Ideally, it should apply where funds are insufficient, where no provision was made, or where money is withdrawn from the Contingencies Fund.

The Constitution requires that such expenditure be reported to Parliament within two months for approval.

In this financial year alone, the National Treasury approved Sh245.9 billion under Article 223, comprising Sh44.8 billion in recurrent expenditure and Sh56.7 billion in development expenditure.

Another Sh144.4 billion was expended under Consolidated Fund Services, primarily for the buyback of government bonds.
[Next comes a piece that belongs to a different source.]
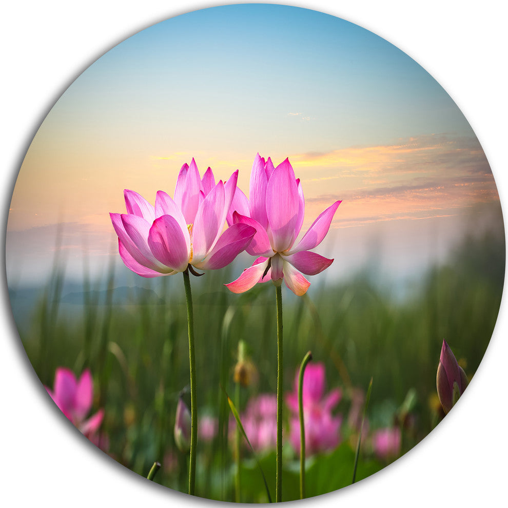 Blooming Lotus Flowers At Sunset, Floral Photo Round Wall Art, 11"

Of the Sh245 billion, Sh185.8 billion has already been disbursed, including the Sh144.4 billion for bond buybacks and Sh9 billion for social protection and food relief.

Also disbursed were Sh5.5 billion for internal security operations, Sh3.8 billion for university lecturers' salary arrears, and Sh3.1 billion for national examinations.

The House team observed that some of the expenditures, while important, "were not truly unforeseen and could have either been incorporated in the original estimates.”

MPs, while not naming which other expenditures fell into this category, held that the government may be using the emergency provision as a way out for poor budget planning.

The committee has given Treasury CS John Mbadi up to September 30, 2026, to submit to Parliament trends of allocations under Article 223.

They want the report to include the proportion of such expenditures to the approved budget by vote or spending entity for the period FY 2022-23 to date.

"This information will help the National Assembly address the growing reliance on Article 223 spending, which continues to reduce the credibility of the approved annual budget," the report says.

Earlier this year, the Controller of Budget flagged billions of shillings in irregular commitments under similar provisions.